Although critical of the sufficiency of the evidence, in this case the court concludes, as did the district court, that the prosecutor’s statement “Let the defendant tell you why somebody would freely and voluntarily confess ...” was a sufficiently serious constitutional violation to overturn the conviction. Taken in isolation, the court is correct. Presumably, had the prosecutor instead said “defendant’s counsel”, we would not have reversible error on this issue. The Supreme Court of Indiana went to great lengths, first to ascertain the validity of the record that was unfortunately distorted by an unreliable court reporter, then to evaluate the context of the prosecutor’s misstatement. Given the record as a whole, the Supreme Court of Indiana concluded that “The jury in this case could not reasonably have interpreted the prosecutor’s comments as a suggestion to infer guilt from the defendant’s silence.” Ben-Yisrayl v. State, 690 N.E.2d 1141, 1149 (Ind.1997). Were it not for the state of the record, I would be inclined to agree with the Supreme Court of Indiana. This statement was apparently isolated. Although the prosecutor made many references to the defendant, apparently all but this one were appropriate. Immediately after the statement was made, defense counsel objected. The trial court took a motion for mistrial under advisement, but concluded that the court’s instruction to the jury regarding Ben-Yisrayl’s right not to testify would sufficiently erase any harm that misstatement might have caused.

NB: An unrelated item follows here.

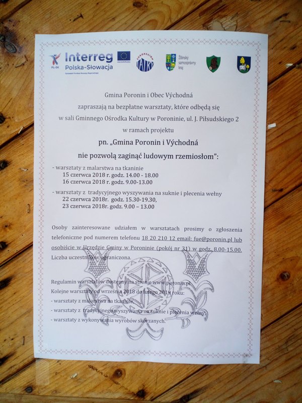 Realizacja projektu „Gmina Poronin i Obec Východná nie pozwolą zaginąć ludowym rzemiosłom” obejmie oddziaływaniem mieszkańców Polski i Słowacji, a także turystów odwiedzających region pogranicza.

Based on the evidence presented and the record that is before us, I would be inclined to agree with the Supreme Court of Indiana that the prosecutor did not commit reversible error and the trial court did not abuse his discretion in refusing to grant a mistrial. But what moves me to concur with the court’s affirmance of the district court’s grant of the petition is the unfortunately defective state of the record from the state trial. Without a more reliable record to review, it is an unreasonable application of clearly established federal law to conclude that the prosecutor’s statement constituted harmless error. See Simmons v. Beyer, 44 F.3d 1160, 1170 (3d Cir.1995) (granting conditional writ of ha-beas corpus since defendant was prejudiced by inadequate transcripts that made his claim unreviewable) (citing United States v. Wilson, 16 F.3d 1027, 1031 (9th Cir.1994) (on direct appeal remanding for a new trial because inadequate transcripts precluded review of merits)). I agree with the district court’s conclusion that “... this record simply is not good enough to sustain a state court death penalty conviction.” Ben-Yisrayl, 277 F.Supp.2d at 905. As the district court noted, the original court reporter was having serious emotional problems. The record was a mess, and in spite of a valiant effort of counsel and the trial court to piece it together, it left much to be desired. Because so much of the analysis on the sufficiency of the evidence, the prosecutor’s statement in closing argument, and the many references to other matters throughout the trial are so pivotal, this faulty record does not provide the foundation necessary to render due process to the defendant in this appeal. For many of the reasons stated in the district court’s opinion under the heading *1055“Inaccurate and Unreliable Transcript,” Berir-Yismyl, 277 F.Supp.2d at 905-07, I concur with this court that the district court’s grant of Ben-Yisrayl’s petition for a writ of habeas corpus should be affirmed.

. As the district court noted, "Kevin A. Judge testified that ballistics tests proved that the defendant’s shotgun fired a shell casing recovered at a different murder scene and he testified that all of the shotgun shell fragments recovered from all of the murder scenes (charged and uncharged) contained number 8 shot with pink .12 gauge power piston wadding.” Ben-Yisrayl, 277 F.Supp.2d at 904.